WHAT YOU HAVE TO DO — Give back the data exactly, with no images.

DATA BLOCK —
-*-*-
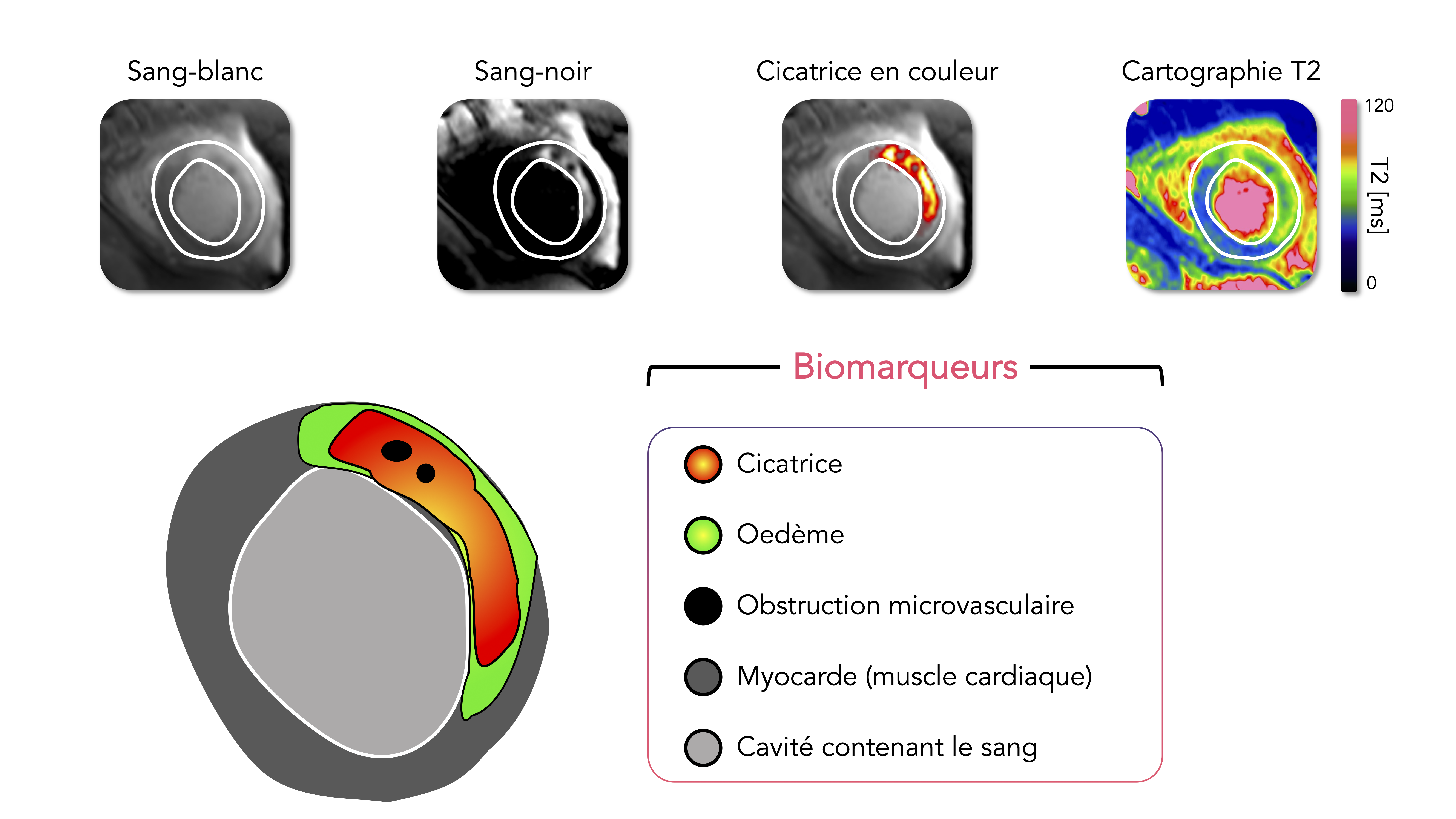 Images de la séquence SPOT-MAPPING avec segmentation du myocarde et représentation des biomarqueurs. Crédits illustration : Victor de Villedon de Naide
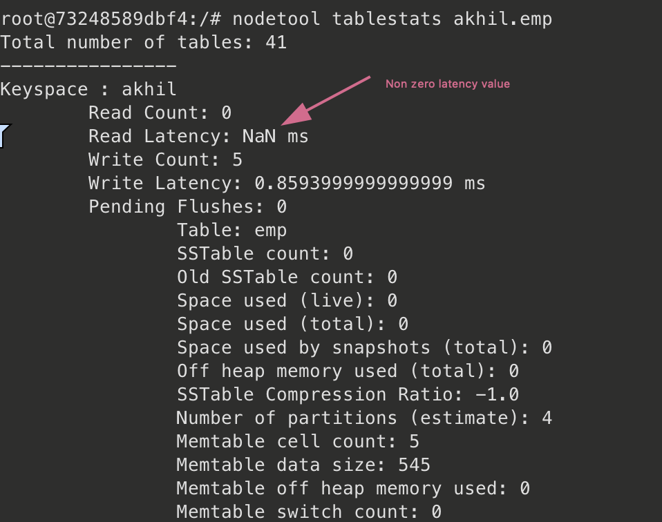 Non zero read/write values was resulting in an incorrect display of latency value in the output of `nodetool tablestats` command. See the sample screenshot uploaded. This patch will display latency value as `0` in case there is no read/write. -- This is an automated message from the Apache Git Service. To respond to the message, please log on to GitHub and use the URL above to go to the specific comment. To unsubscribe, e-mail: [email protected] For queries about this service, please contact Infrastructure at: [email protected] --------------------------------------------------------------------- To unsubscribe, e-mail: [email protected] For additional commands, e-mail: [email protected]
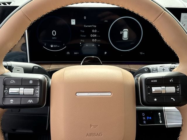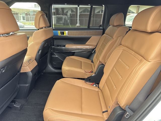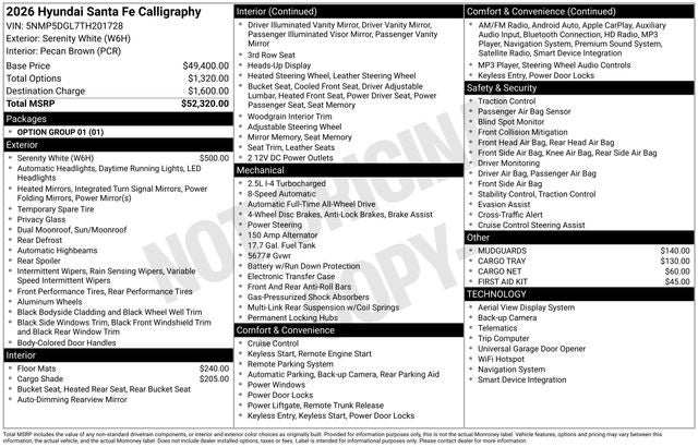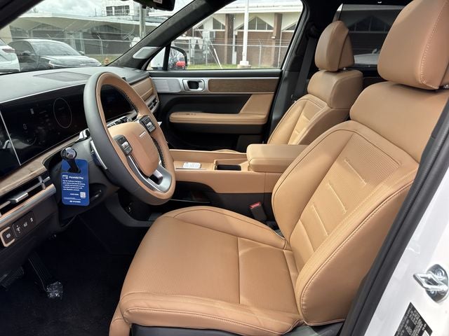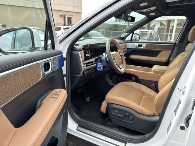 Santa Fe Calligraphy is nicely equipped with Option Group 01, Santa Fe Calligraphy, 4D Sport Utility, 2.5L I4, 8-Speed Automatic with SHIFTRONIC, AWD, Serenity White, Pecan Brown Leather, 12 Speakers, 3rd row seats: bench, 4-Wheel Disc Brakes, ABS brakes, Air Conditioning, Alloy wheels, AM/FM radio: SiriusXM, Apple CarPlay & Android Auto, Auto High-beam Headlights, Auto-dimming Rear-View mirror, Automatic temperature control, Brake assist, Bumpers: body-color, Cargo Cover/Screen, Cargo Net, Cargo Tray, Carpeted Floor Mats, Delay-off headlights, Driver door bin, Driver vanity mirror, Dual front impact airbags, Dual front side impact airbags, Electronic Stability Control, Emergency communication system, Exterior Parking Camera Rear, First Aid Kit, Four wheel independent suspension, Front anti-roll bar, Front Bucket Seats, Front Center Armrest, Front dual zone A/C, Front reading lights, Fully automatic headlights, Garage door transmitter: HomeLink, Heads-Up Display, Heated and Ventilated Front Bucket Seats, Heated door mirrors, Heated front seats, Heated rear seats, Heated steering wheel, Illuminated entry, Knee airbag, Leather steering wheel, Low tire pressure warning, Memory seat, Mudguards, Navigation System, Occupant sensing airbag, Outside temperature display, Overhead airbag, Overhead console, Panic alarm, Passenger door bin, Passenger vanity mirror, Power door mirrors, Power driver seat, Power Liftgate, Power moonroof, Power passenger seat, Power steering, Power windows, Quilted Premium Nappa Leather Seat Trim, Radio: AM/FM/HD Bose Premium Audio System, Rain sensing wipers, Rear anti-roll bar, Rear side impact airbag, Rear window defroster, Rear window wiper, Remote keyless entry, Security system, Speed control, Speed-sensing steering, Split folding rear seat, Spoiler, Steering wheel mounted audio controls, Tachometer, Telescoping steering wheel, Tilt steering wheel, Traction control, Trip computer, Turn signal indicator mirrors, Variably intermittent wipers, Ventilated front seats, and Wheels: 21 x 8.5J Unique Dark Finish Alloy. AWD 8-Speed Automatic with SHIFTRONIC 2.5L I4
-*-*-
SOLUTION FOR THIS EXERCISE —
 Images de la séquence SPOT-MAPPING avec segmentation du myocarde et représentation des biomarqueurs. Crédits illustration : Victor de Villedon de Naide
 Non zero read/write values was resulting in an incorrect display of latency value in the output of `nodetool tablestats` command. See the sample screenshot uploaded. This patch will display latency value as `0` in case there is no read/write. -- This is an automated message from the Apache Git Service. To respond to the message, please log on to GitHub and use the URL above to go to the specific comment. To unsubscribe, e-mail: [email protected] For queries about this service, please contact Infrastructure at: [email protected] --------------------------------------------------------------------- To unsubscribe, e-mail: [email protected] For additional commands, e-mail: [email protected]
 Santa Fe Calligraphy is nicely equipped with Option Group 01, Santa Fe Calligraphy, 4D Sport Utility, 2.5L I4, 8-Speed Automatic with SHIFTRONIC, AWD, Serenity White, Pecan Brown Leather, 12 Speakers, 3rd row seats: bench, 4-Wheel Disc Brakes, ABS brakes, Air Conditioning, Alloy wheels, AM/FM radio: SiriusXM, Apple CarPlay & Android Auto, Auto High-beam Headlights, Auto-dimming Rear-View mirror, Automatic temperature control, Brake assist, Bumpers: body-color, Cargo Cover/Screen, Cargo Net, Cargo Tray, Carpeted Floor Mats, Delay-off headlights, Driver door bin, Driver vanity mirror, Dual front impact airbags, Dual front side impact airbags, Electronic Stability Control, Emergency communication system, Exterior Parking Camera Rear, First Aid Kit, Four wheel independent suspension, Front anti-roll bar, Front Bucket Seats, Front Center Armrest, Front dual zone A/C, Front reading lights, Fully automatic headlights, Garage door transmitter: HomeLink, Heads-Up Display, Heated and Ventilated Front Bucket Seats, Heated door mirrors, Heated front seats, Heated rear seats, Heated steering wheel, Illuminated entry, Knee airbag, Leather steering wheel, Low tire pressure warning, Memory seat, Mudguards, Navigation System, Occupant sensing airbag, Outside temperature display, Overhead airbag, Overhead console, Panic alarm, Passenger door bin, Passenger vanity mirror, Power door mirrors, Power driver seat, Power Liftgate, Power moonroof, Power passenger seat, Power steering, Power windows, Quilted Premium Nappa Leather Seat Trim, Radio: AM/FM/HD Bose Premium Audio System, Rain sensing wipers, Rear anti-roll bar, Rear side impact airbag, Rear window defroster, Rear window wiper, Remote keyless entry, Security system, Speed control, Speed-sensing steering, Split folding rear seat, Spoiler, Steering wheel mounted audio controls, Tachometer, Telescoping steering wheel, Tilt steering wheel, Traction control, Trip computer, Turn signal indicator mirrors, Variably intermittent wipers, Ventilated front seats, and Wheels: 21 x 8.5J Unique Dark Finish Alloy. AWD 8-Speed Automatic with SHIFTRONIC 2.5L I4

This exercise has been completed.